Во-вторых, сравнительно куцый, но увлекательный роман жизни Лилианы (точнее, той её части, что предшествовала нашей встрече), который она пролистывала передо мной на прогулках или в иных ситуациях.
И в-третьих, мой собственный – или, опять точнее, наш с ней роман.
Скажу сразу, что из всех трёх наш был наименее интересен, но до поры до времени наиболее приятен.
* * *В связи с новыми обстоятельствами жизни мне пришлось перестроить дела.
Делами этими я занимался третий год. Занимался без радости: дело как таковое было туповатое, как всякое дело, смысл которого не выходит за рамки заработка. Можно сказать, у меня был бизнес, пусть и не очень надёжный. Но какая надёжность может быть в бизнесе? Ветер подул с другой стороны, тучи разбежались, клиент перестал зонтиками интересоваться, вот тебе и катастрофа. Но всё же я работал добросовестно, поскольку работал на себя.
При этом всякому, кто в этом понимает хоть на воробьиный хвост, известно, что, если дело как-то идёт – а у меня оно как-то шло, – нужно думать лишь о нём, неустанно ища способы расширения. Тогда, при удаче, удастся сохранить всё как есть.

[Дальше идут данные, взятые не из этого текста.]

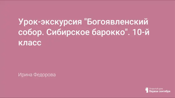 Урок-экскурсия "Богоявленский собор. Сибирское барокко". 10-й класс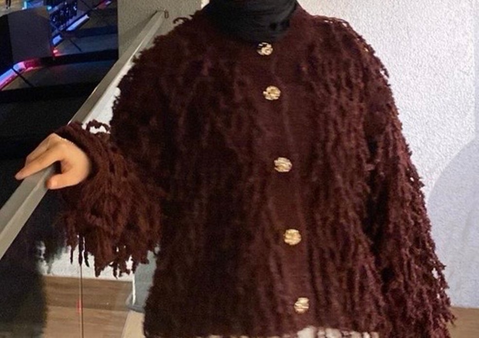 Kahverengi, nakışlı ve kürk detaylı örme hırka. Uzun kollu, notched yakalı, bol kesim ve günlük kullanıma uygun bohem tarzda.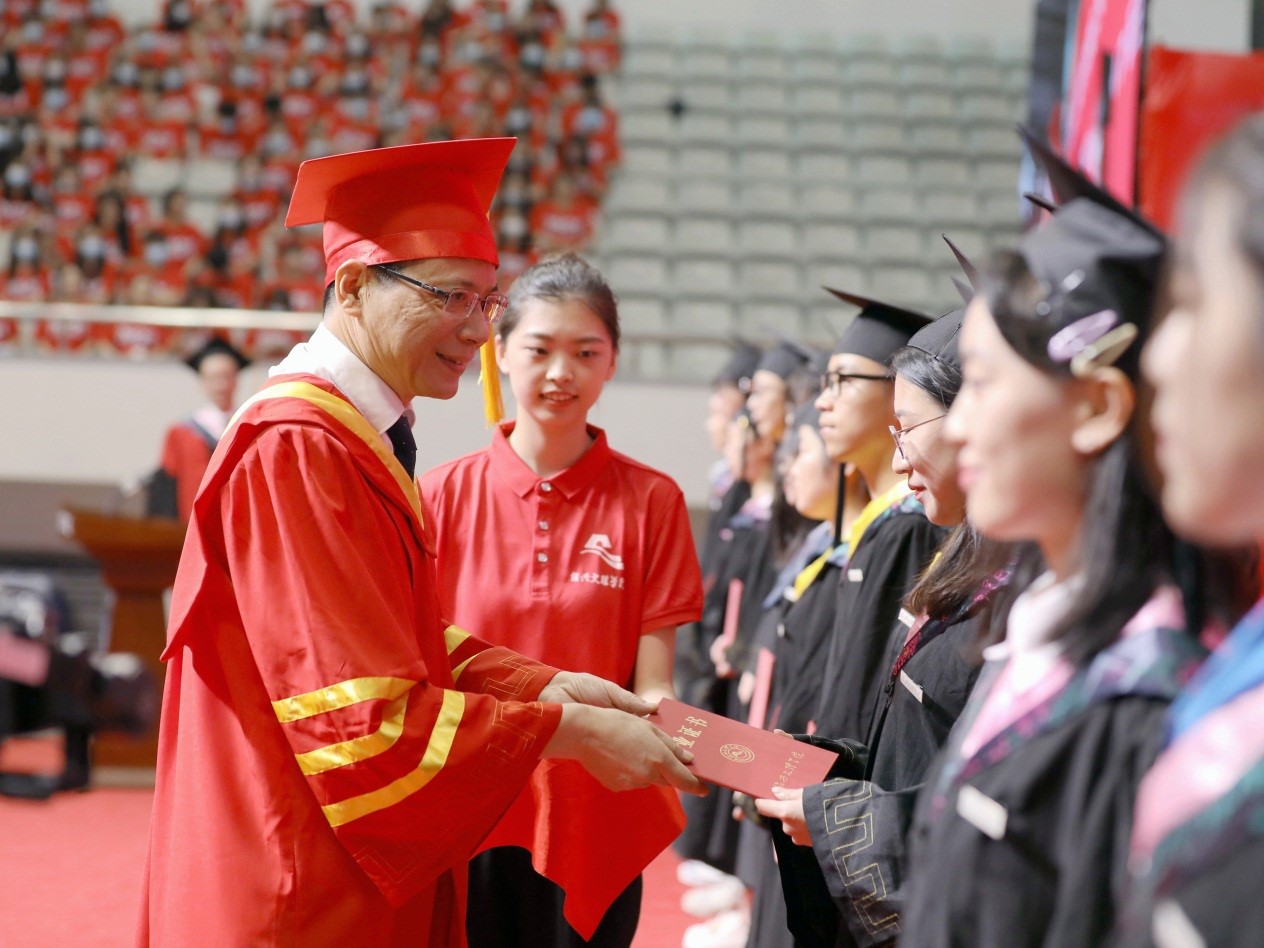 王建力为毕业生代表颁发毕业证书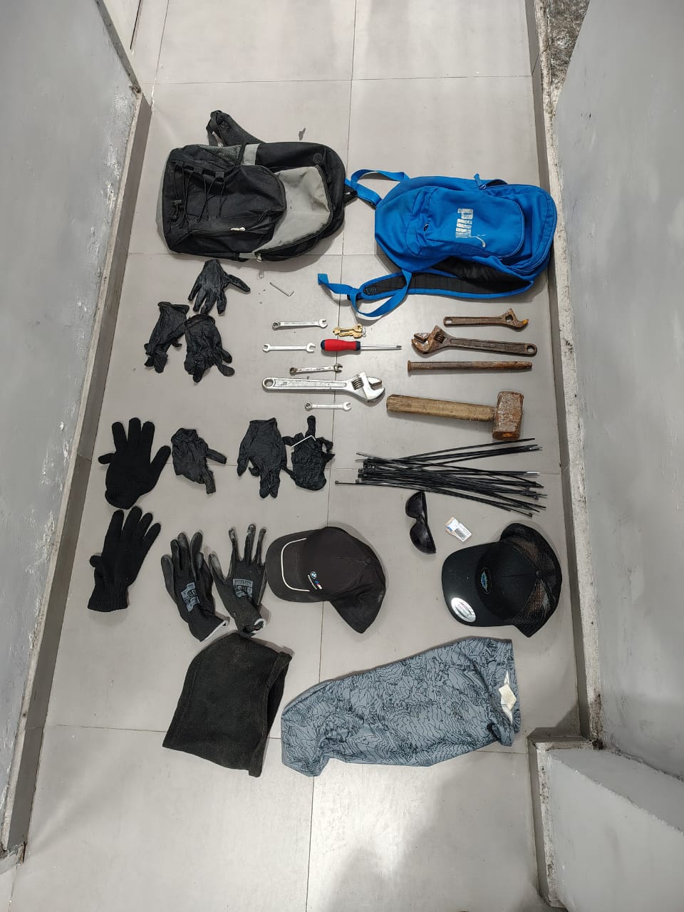 Al notar la presencia policial, los jóvenes dejaron dos mochilas debajo de vehículos en la calle Giribone y San Luis. Pero no era cualquier mochila: adentro había herramientas varias, precintos y guantes, como para preparar sus choreos. La maniobra no les sirvió de nada: la policía los identificó y empezó la persecución.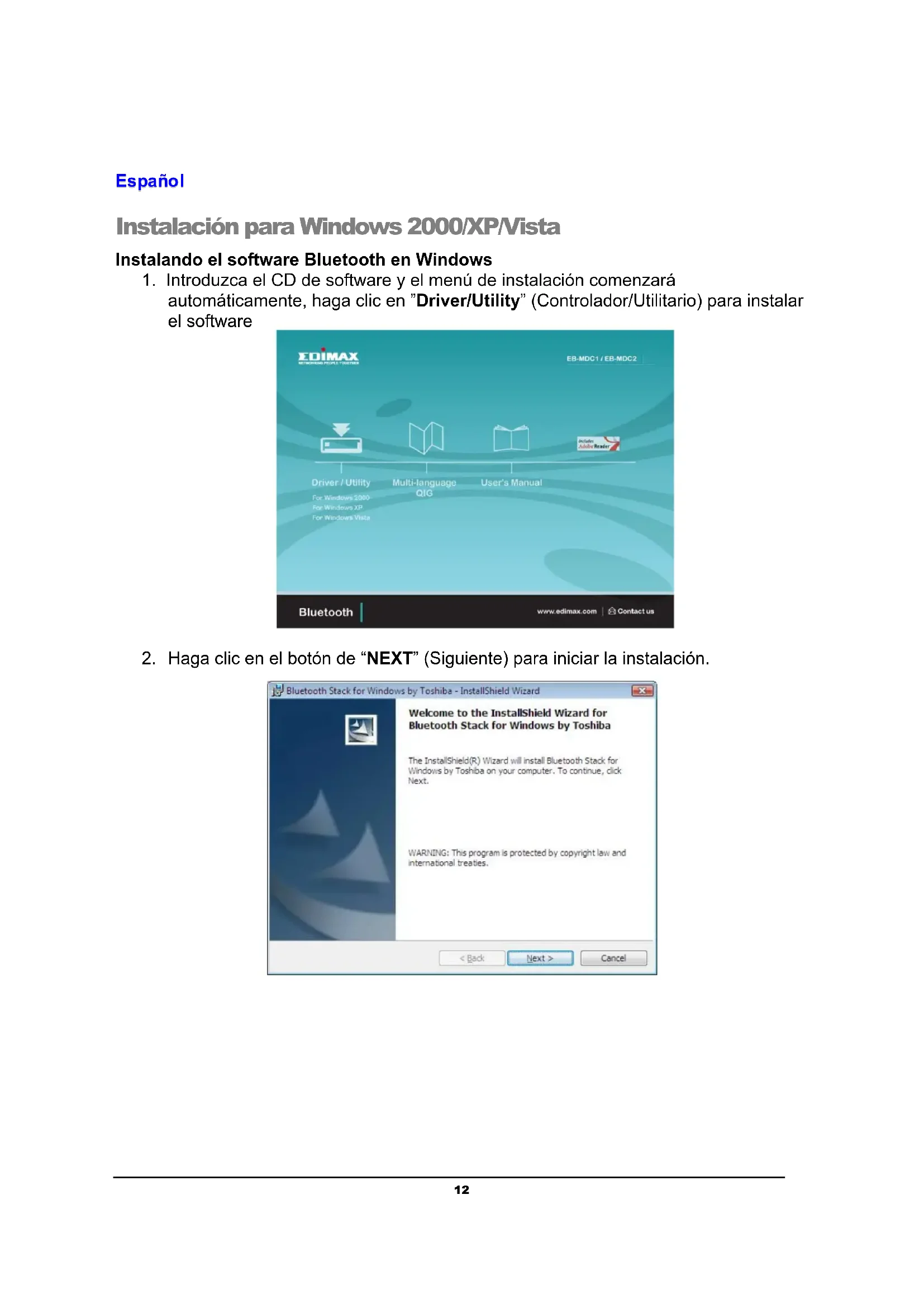Instalación para Windows 2000/XP/Vista Instalando el software Bluetooth en Windows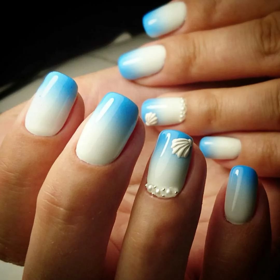 - омбре маникюр: попробуйте создать плавный градиент от светлого синего к темному на каждом ногтевом ложе. Это добавит интересный акцент и придаст вашим ногтям стильный вид;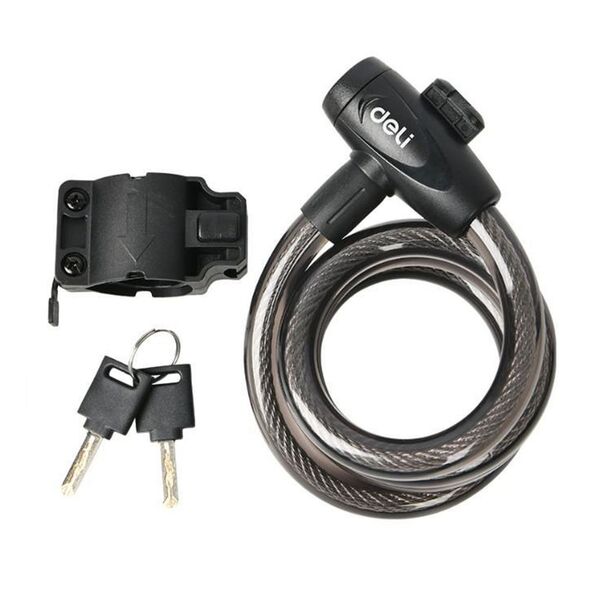 Замок Deli Замок тросовый велосипедный Deli DL508062 12*1000 мм, два ключа, держатель на раму

Если же придерживать коней, уменьшать обороты и сдвигать всю его тяготу, нервотрёпку и головную боль с первого места в жизни на второе, норовя, как в моём случае, выкроить время на поездки в Кондрашовку для мемуарной болтовни, пусть даже и за гонорар, дело неминуемо начнёт скукоживаться.
А потом и сам не поймёшь, почему оно схлопнулось: в один прекрасный день просыпаешься – а у тебя уже и нет никакого бизнеса, да так крепко нет, будто никогда и не было.
Но я, безумец, всё же принял кое-какие деятельные меры для руинирования материальных основ своего существования. Грезились некие туманные перспективы того, что может появиться взамен… Опять же Лилиана.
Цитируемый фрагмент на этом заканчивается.